*Work required*:
Retype each line of the material exactly, please, skipping any picture in it.

*Collected material*:
════════════════
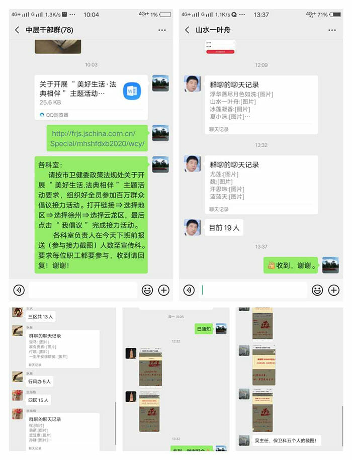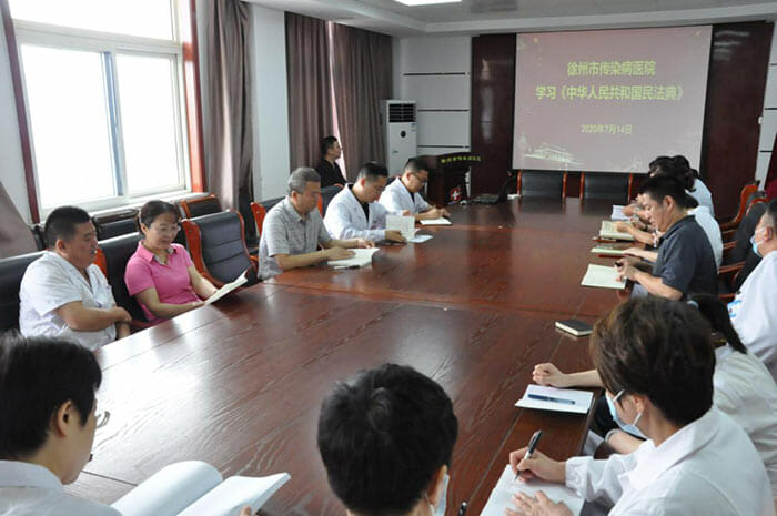 一是参加百万群众倡议接力活动。根据市卫健委政策法规处关于开展“美好生活·法典相伴”主题活动的通知要求,医院领导高度重视,精心组织,广泛发动,充分利用徐州市传染病医院微信公众号转发倡议接力活动链接,组织干部职工学习倡议书内容,全院四百余人参与完成接力活动,通过此活动进一步增强了干部职工“法律即生活,生活即法律”的意识。
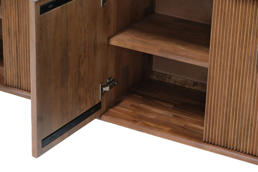 Crafted from solid mango wood in a rich medium brown finish, the Milo Sideboard offers a warm, grounded take on modern storage. Vertical fluted door detailing adds depth and texture, while slim black iron legs create a clean contrast that keeps the design feeling light and contemporary.
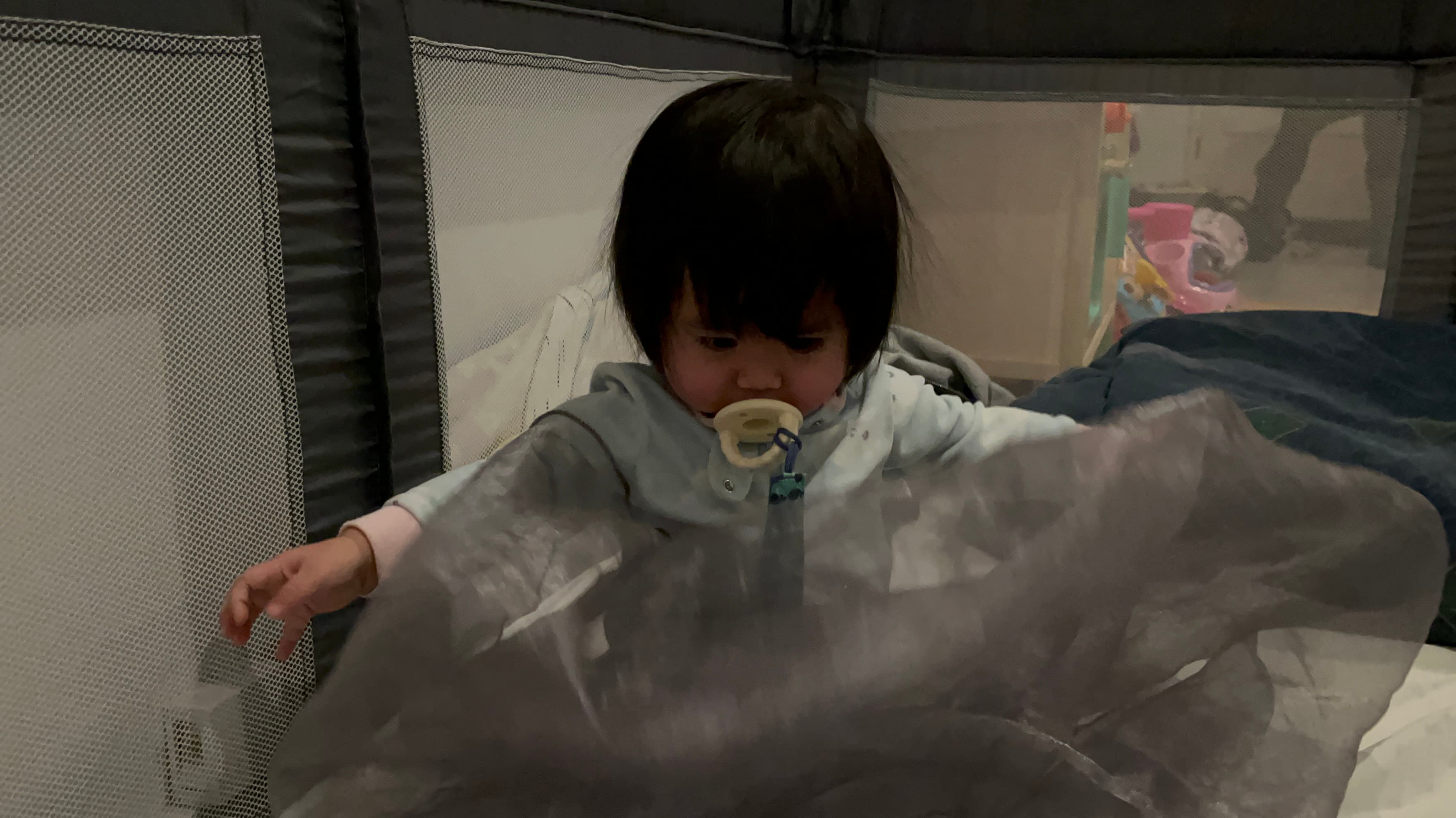 You played with this thing for 10 min which is an eternity for baby attention span. Covered your face with it and quickly uncovered it and laughed a bunch
════════════════
*Result below*:
 一是参加百万群众倡议接力活动。根据市卫健委政策法规处关于开展“美好生活·法典相伴”主题活动的通知要求,医院领导高度重视,精心组织,广泛发动,充分利用徐州市传染病医院微信公众号转发倡议接力活动链接,组织干部职工学习倡议书内容,全院四百余人参与完成接力活动,通过此活动进一步增强了干部职工“法律即生活,生活即法律”的意识。
 Crafted from solid mango wood in a rich medium brown finish, the Milo Sideboard offers a warm, grounded take on modern storage. Vertical fluted door detailing adds depth and texture, while slim black iron legs create a clean contrast that keeps the design feeling light and contemporary.
 You played with this thing for 10 min which is an eternity for baby attention span. Covered your face with it and quickly uncovered it and laughed a bunch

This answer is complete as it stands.